Karl now drives a BMW, which is more in keeping with his achievements at Mistral.

The company, which had eight staff when he joined as the sole salesperson in May 2000, has started 2003 by moving some 40 employees into new offices in Tower Point, North Road.

It finished 2002 by making a second acquisition and being placed 24th in the Sunday Times ARM Tech Track 100 for the fastest-growing unquoted technology companies in the country, after growing sales by 123 per cent in the two years to 2001.

Cold or no cold, Karl's enthusiasm is apparent as he explains the firm's future plans, including further expansion, and his thoughts on the internet.

Karl was born in the Isle of Man and that has influenced a number of key decisions.

He said: "I chose Lancaster University partly because of its location. You've got a four hour boat trip from the isle so I didn't want to go much further when I reached dry land.

"I knew I didn't want to go back after university because I would have been sucked into financial services."

Although he studied marketing and French for four years, which included a year working in Paris, on leaving university he applied to join the police. His asthma meant he was unsuccessful, which was "a pity because I wanted to feel I was doing something that had some worth other than a monetary one".

However, a move to Horsham started a chain of events that eventually led him to Mistral.

After a short stint with Eurobell "planning when and where the company should dig up roads to install its cables"

he stumbled into IT almost by accident.

He said: "This agency guy phoned me and said I was the ideal candidate for an IT sales job. I told them I wasn't interested - I didn't want to be a vacuum cleaner salesman."

But the promise of a company car, a laptop and a mobile phone was too tempting for someone just out of university and Karl joined Brighton-based Rocc in early 1997. He left after 18 great months.

He said: "By that time I was confident I could sell and, of course, the internet was booming.

I thought I'd like a bit of that' even though I knew very little about it. I wasn't sure what the recruitment guy was talking about - I didn't even know what an ISP was - but I went with it and got interviews."

He joined PSI Net, commuting from his home in Brighton to London. When the time came to move on, Mistral's founder Steve Spink offered him the sales job he held until becoming managing director in 2002. He admits he was nervous about joining, because of the sole responsibility for sales.

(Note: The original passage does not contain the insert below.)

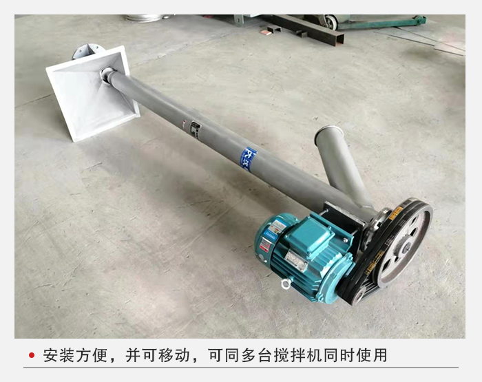 1、安裝方便,并可移動,如多臺攪拌機使用同一種料,只需一臺上料機可同時供多臺拌料機上料,免除人工加料的麻煩,使加料工作變的安全,更省時、更省力。

He said: "At times I miss the cut and thrust of selling now I'm in charge and at times I don't. I enjoy meeting clients and doing demonstrations but I do not miss prospecting or shaving margins to match other companies. Anyone who says they do is lying."

Life away from the office has also been busy. He has recently bought a house in Woodingdean with his fiancee Urszula, whom he will marry in the summer.

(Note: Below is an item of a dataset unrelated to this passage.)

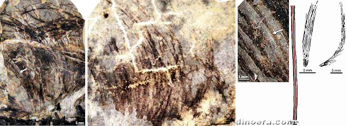 | Tianyulong confuciusi и Psittacosaurus | Сравнение "щетин" Psittacosaurus (вверху), протоперьев Sinosauropteryx (слева) и "волокон" Tianyulong (справа) |

He enjoys mountain biking and has tried kite surfing, although he admits he hasn't been able to spend us much time outdoors as he would like.

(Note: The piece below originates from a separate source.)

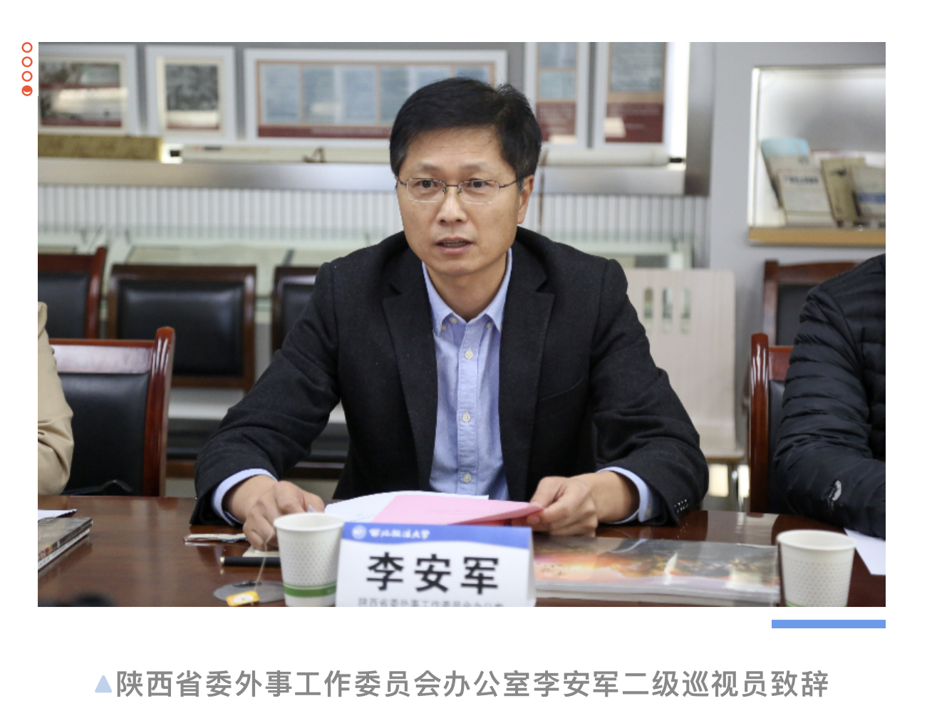 2020年11月13日上午,陕西省委外事工作委员会办公室二级巡视员李安军、新闻信息处处长张小东、副处长李菡以及白玫洁莅临我院进行工作调研并座谈。

He does like the internet though and, more than this, believes in it. "The internet is the second most important form of communication after telephony. One day it will overtake it.

"The dot coms are the dot gones and the days of thinking up a silly name for a site, flogging whatever you liked, raising huge amounts of venture capital and then spending everything without ever making a penny are gone.

"They were a flash in the pan, the internet is not," he says, as he shows me out of his office, eager to get back to work.

One suspects he is no flash in the pan either.